In the first example you gave, of a purse-snatching, the law regarding self-defense might not even apply - at least in Michigan, a person has to be _reasonably and honestly in fear for their own life or safety_, not protecting their purse or shopping bag.  A person MIGHT be in fear of their life as well, depending on the circumstances, but it isn't black-and-white.

I think any disagreement we may have will be based on whether you are talking about an ethical duty or a legal duty.

*Ethical:* We may be trained to use the least-lethal techniques we can to defend ourselves, out of concern for our fellow human beings.  Depends on martial arts style, teacher, and one's own internal ethics system, I think.

*Legal:* In most states of the US, if you have the legal right to self-defense, then there are no 'rules' involving what manner you may do it.  If you end up breaking an arm, you break an arm.  If you're a black belt with decades of experience, or a white belt with six months, it makes no difference - to the law.

When you say _"People are going to..."_ do this or say that, whom are you referring to?  The police?  Or the general public? 

I recommend finding and reading the laws of your own state or locality regarding self-defense.  That should give you the 'legal' answers you seek.  How you choose to interpret that through your own internal ethical system is up to you, of course.


----------



## KempoGuy06 (Mar 4, 2009)

Bill Mattocks said:


> In the first example you gave, of a purse-snatching, the law regarding self-defense might not even apply - at least in Michigan, a person has to be _reasonably and honestly in fear for their own life or safety_, not protecting their purse or shopping bag.  A person MIGHT be in fear of their life as well, depending on the circumstances, but it isn't black-and-white.
> 
> I think any disagreement we may have will be based on whether you are talking about an ethical duty or a legal duty.
> 
> ...



really anybody in that statement. the police, general public if it made the big headlines or the prosecutor even. any opinion you what to give on that will be much appreciated.

B


----------



## Bill Mattocks (Mar 4, 2009)

KempoGuy06 said:


> really anybody in that statement. the police, general public if it made the big headlines or the prosecutor even. any opinion you what to give on that will be much appreciated.



Police are required to adhere to standards of their department regarding use of force.  This is often and incorrectly confused with standards of self-defense when applied by the average citizen.  The standards are not the same.

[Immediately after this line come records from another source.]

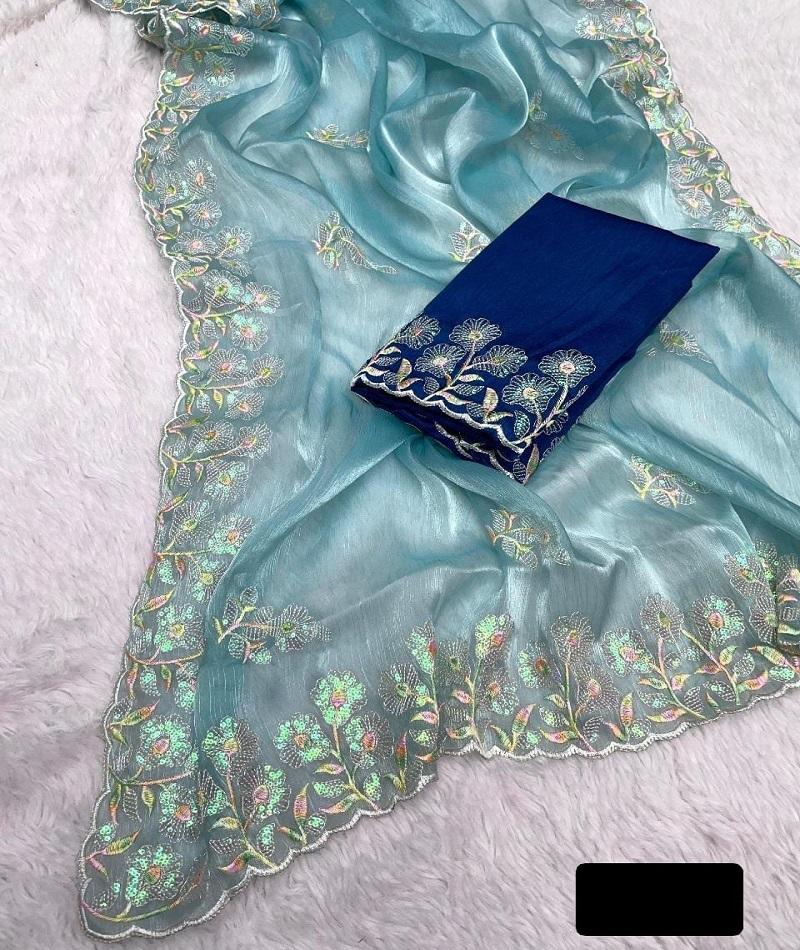 Saree de travail Butta avec chemisier, fil fantaisie, broderie, bordure à coupe d'arc pour vêtements pour femmes indiennes et pakistanaises.
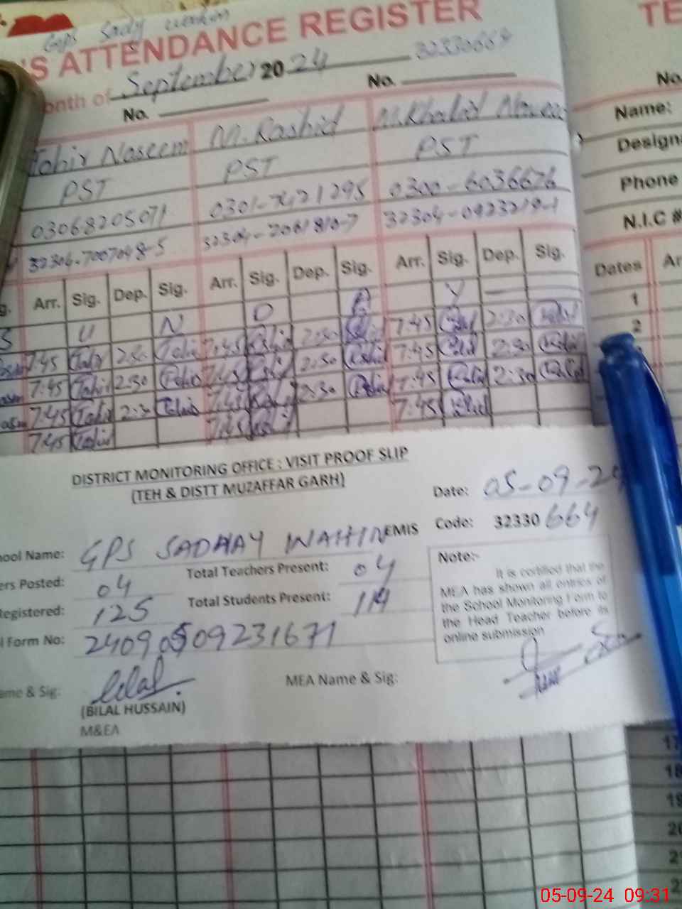 | Attendance Register | Head Teacher | MEA with School | Visit Proof |
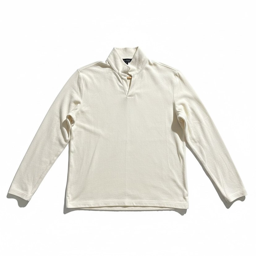 Beyaz Erkek Uzun Kollu Polo Yaka Havlu Sweatshirt
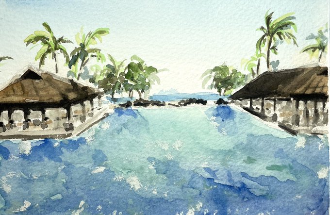 寒いので暖かい所描いてみたけど波の感じ全くでず、、、 #水彩 #水彩画 #透明水彩 #風景画 #バリ #バリ島 #お絵描き #イラスト #スケッチ #旅行 #watercolor #watercolorpainting #transparentwatercolor #landscapepainting #Bali #drawing #illustration #sketch #travel
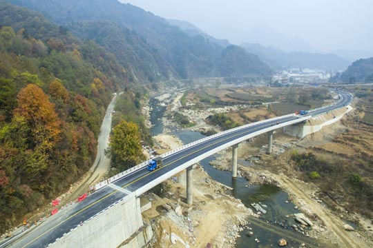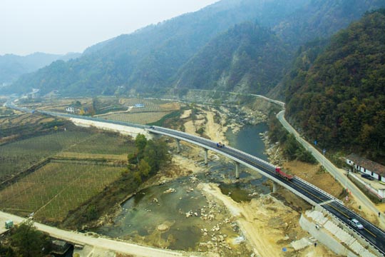 本項工程位于金寨縣燕天路上,是連接天堂寨風景區(qū)重要旅游道路。去年“6.30”特大暴雨造成漁潭村境內(nèi)山體滑坡、道路塌方、交通中斷。災(zāi)情發(fā)生后,各級政府及交通主管部門十分重視,立即組織搶修,特別是負責該路管養(yǎng)的六安市公路管理局在保障通行的前提下,以最快速度組織專家評審、論證、設(shè)計、招標、實施。該項工程全長1356米,包括2座大橋、1座中橋,中標施工企業(yè)六安市交通公路實業(yè)有限公司精心組織、全力投入、克服重重困難,經(jīng)過242天的艱苦奮戰(zhàn)終于如期、保質(zhì)、安全完成施工任務(wù)。
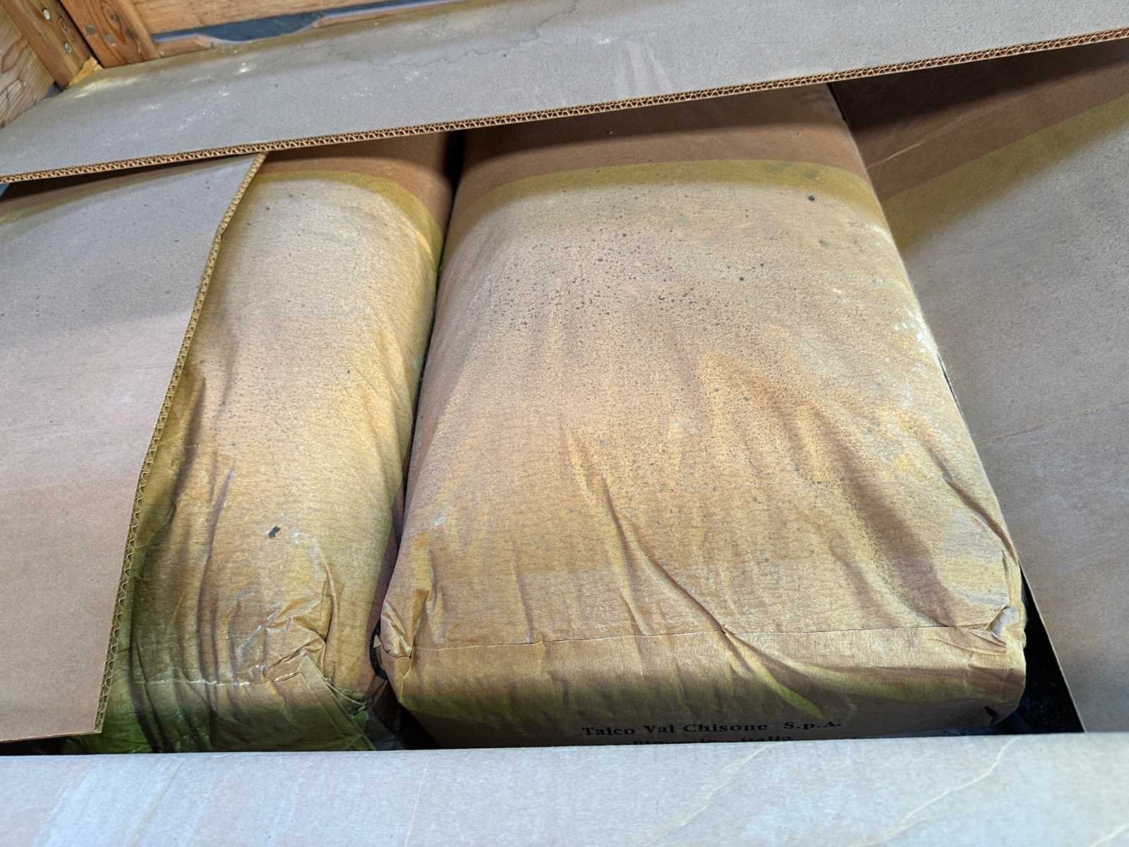 Deze partij bestaat uit gesloten zakken talkpoeder van 50 Kg
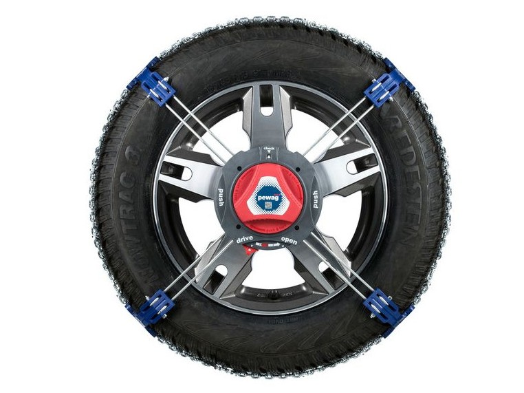 Montáž je jednoduchá a rýchla, reťaz sa pripevňuje priamo na originálnu matku kolesa. Reťaz navlečiete na pneumatiku, upevníte na hlavu skrutky a utiahnete pomocou pewag servo račne - systém je vybavený ukazovateľom optimálneho utiahnutia. Všetky úkony sú vykonávané z vonkajšej časti pneumatiky. Nemusíte sa báť poškriabania ráfika, celý systém je konštruovaný tak, aby reťaz doliehala len na pneumatiku.
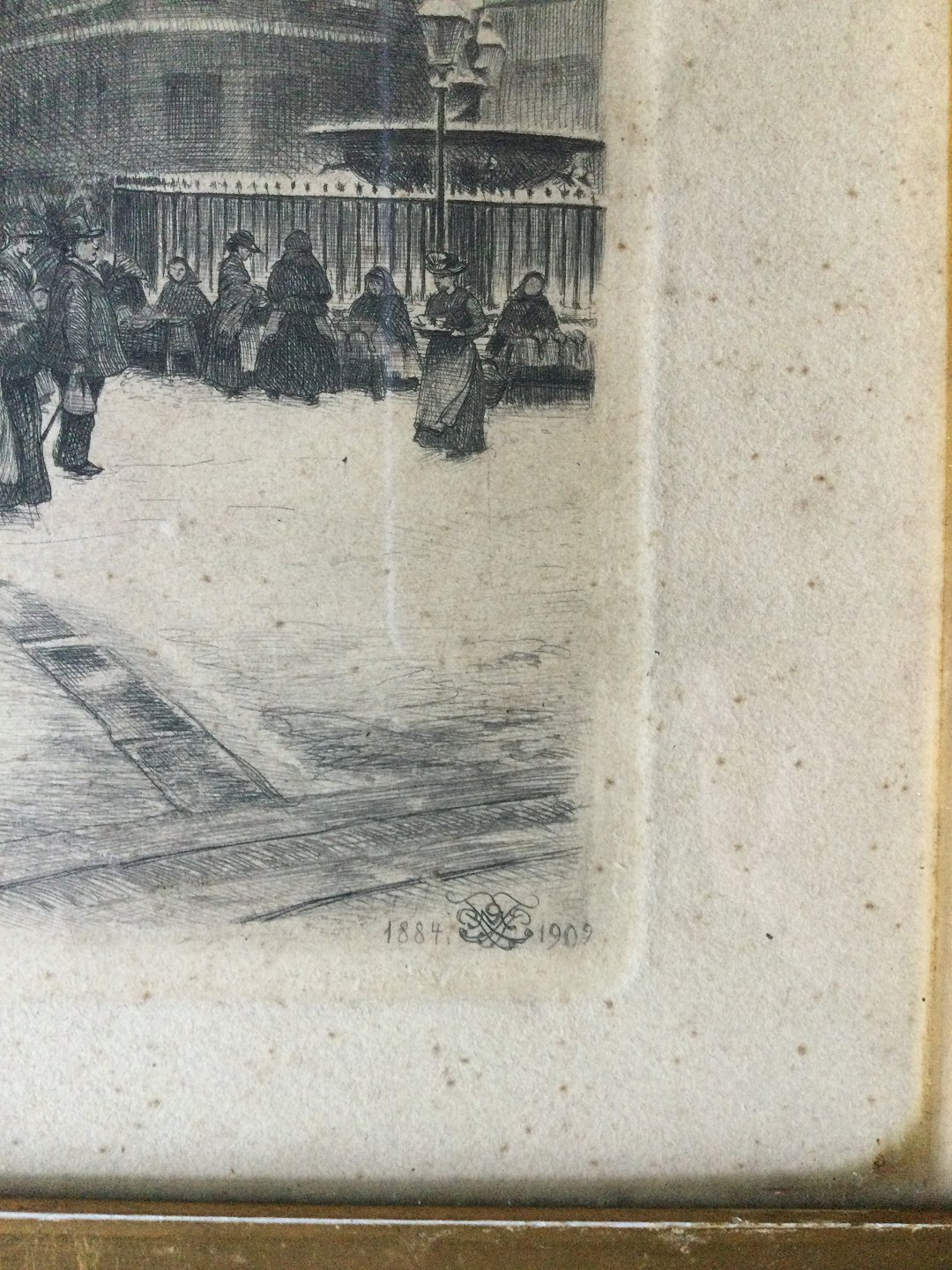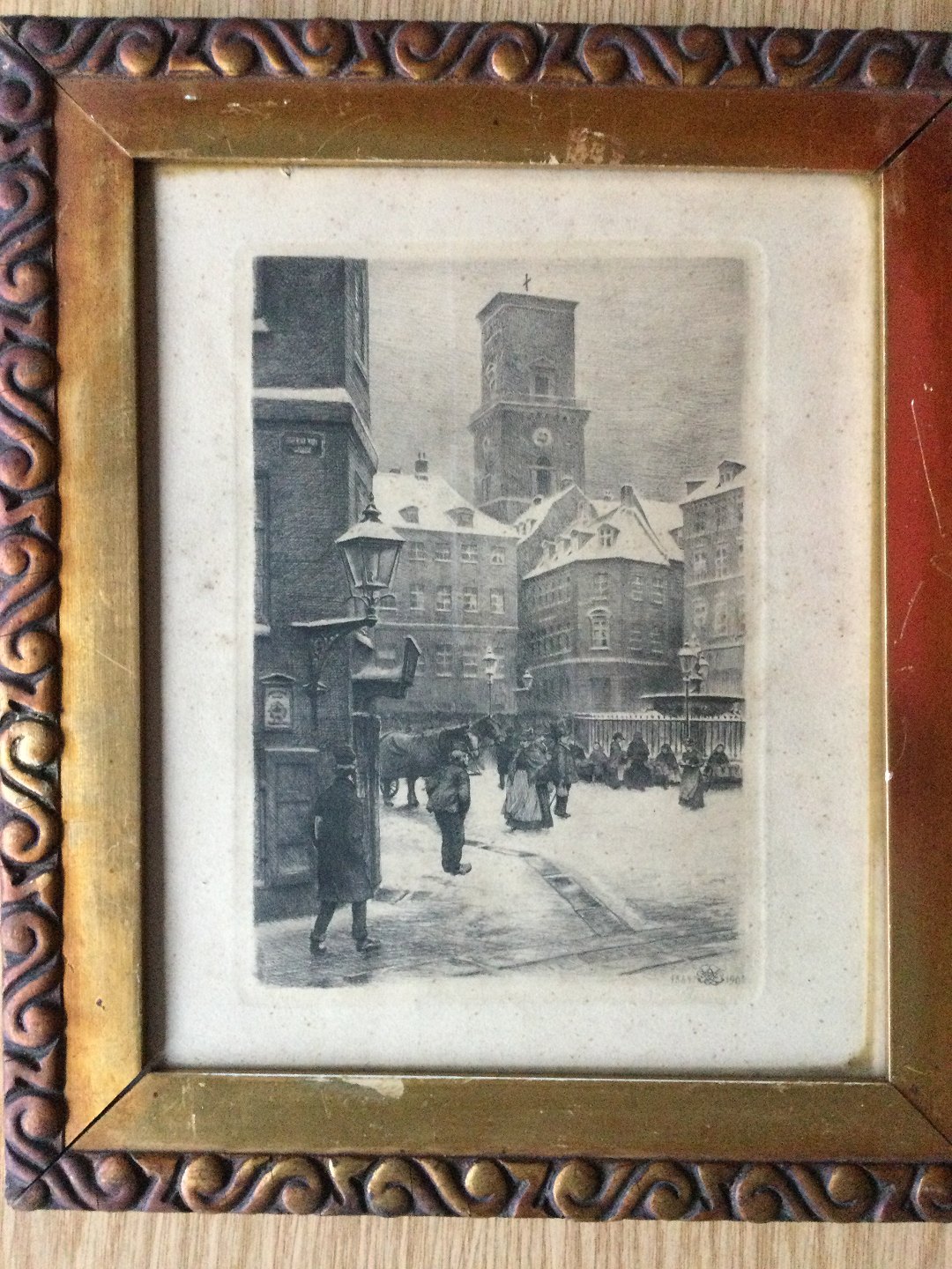 Radering af Peter Tom-Petersen - Gammel Torv i København, vinter 1902.

Police are generally required by their own department's rules to use the _'minimum amount of force necessary to effect an apprehension'_.  That means they don't shoot a guy who jumps them, necessarily.  They might be required to first attempt to use the least-lethal response, such as pepper spray or mace, taser, baton, and so on, prior to resorting to deadly force.  Police are required to put their lives on the line, and while they are still entitled to 'self defense' like any citizen, it is their job to arrest criminals, not kill them.

The average citizen is not held to that standard.  Again, you have to read the laws regarding self-defense in your own state or locality to find out the details.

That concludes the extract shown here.